Due do not being home enough I am needing to rehome my rats I think.... this is a very hard desicion but I feel horrible that they are alone for so long.. sometimes I am away for 2-3 days at a time and my roommates will take care of the other pets but are terrified of the rats and won't let them out or handle them or anything. 

So anyways I have 3 adult males born Feb 6th 2013 and 2 males born November 13th 2013. Then two females one born July 2013 (the mum of the ones born in November) and the other born November 13th 2013. All have been handled from birth and gotten from breeders not petstores.. they came from feeder breeders though unfortunately. All seem to be in good health. They are all friendly and can be handled but due to me not being around often they have only really been handled when their cages need to be cleaned when I am home... so they are slightly timid but have never ever bitten or anything. 

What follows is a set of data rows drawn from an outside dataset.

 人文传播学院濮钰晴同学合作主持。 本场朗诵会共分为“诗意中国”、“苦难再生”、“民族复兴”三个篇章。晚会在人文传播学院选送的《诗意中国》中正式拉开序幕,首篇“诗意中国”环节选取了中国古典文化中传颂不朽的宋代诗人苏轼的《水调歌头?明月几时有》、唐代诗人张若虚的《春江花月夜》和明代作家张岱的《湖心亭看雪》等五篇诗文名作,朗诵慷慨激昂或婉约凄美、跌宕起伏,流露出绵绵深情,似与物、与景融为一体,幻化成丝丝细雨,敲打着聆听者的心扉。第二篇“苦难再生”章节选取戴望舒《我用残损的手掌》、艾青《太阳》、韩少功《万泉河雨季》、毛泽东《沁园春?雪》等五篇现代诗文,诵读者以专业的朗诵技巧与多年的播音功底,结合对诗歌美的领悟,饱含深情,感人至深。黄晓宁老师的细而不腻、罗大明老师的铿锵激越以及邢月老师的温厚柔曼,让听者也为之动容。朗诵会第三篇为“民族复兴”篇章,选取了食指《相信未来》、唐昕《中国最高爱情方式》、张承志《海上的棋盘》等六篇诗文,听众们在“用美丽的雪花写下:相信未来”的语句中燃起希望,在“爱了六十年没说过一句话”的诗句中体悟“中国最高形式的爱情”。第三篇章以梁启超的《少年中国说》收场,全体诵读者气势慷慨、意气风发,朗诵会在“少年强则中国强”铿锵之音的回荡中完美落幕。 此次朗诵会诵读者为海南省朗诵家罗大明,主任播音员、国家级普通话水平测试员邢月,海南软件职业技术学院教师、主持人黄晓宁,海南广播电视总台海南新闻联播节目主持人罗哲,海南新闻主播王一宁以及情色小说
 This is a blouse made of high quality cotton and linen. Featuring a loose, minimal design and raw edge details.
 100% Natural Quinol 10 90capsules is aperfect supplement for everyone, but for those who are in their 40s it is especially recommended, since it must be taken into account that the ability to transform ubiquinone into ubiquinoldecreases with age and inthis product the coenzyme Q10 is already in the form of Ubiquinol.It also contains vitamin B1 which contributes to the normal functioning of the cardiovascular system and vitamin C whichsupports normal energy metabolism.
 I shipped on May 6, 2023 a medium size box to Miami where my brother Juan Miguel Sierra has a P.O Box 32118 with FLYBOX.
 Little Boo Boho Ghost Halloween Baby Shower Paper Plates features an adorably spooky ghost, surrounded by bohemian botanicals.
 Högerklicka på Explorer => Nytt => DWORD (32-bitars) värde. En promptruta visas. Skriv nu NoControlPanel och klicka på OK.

The cages are available with them but while I am not asking for a rehome fee for the rats I am looking to recover from the costs put into the cages (over $300)... But am willing to let them go for cheap as long as I knnow they are going to a good home. Have a single FN for $50 a prevue cage (I dont know the type but it's 4 levels) for $30 and a super pet my first home for $20 but they should be in a bigger cage than that one.. waiting for the boys to get a bit bigger before i move them into the prevue.. just not sure if they are big enough for the bars yet. 

I am in the London Area. I cannot travel to meet though I don't drive. This breaks my heart but I just want to do what is best for them at this point.


----------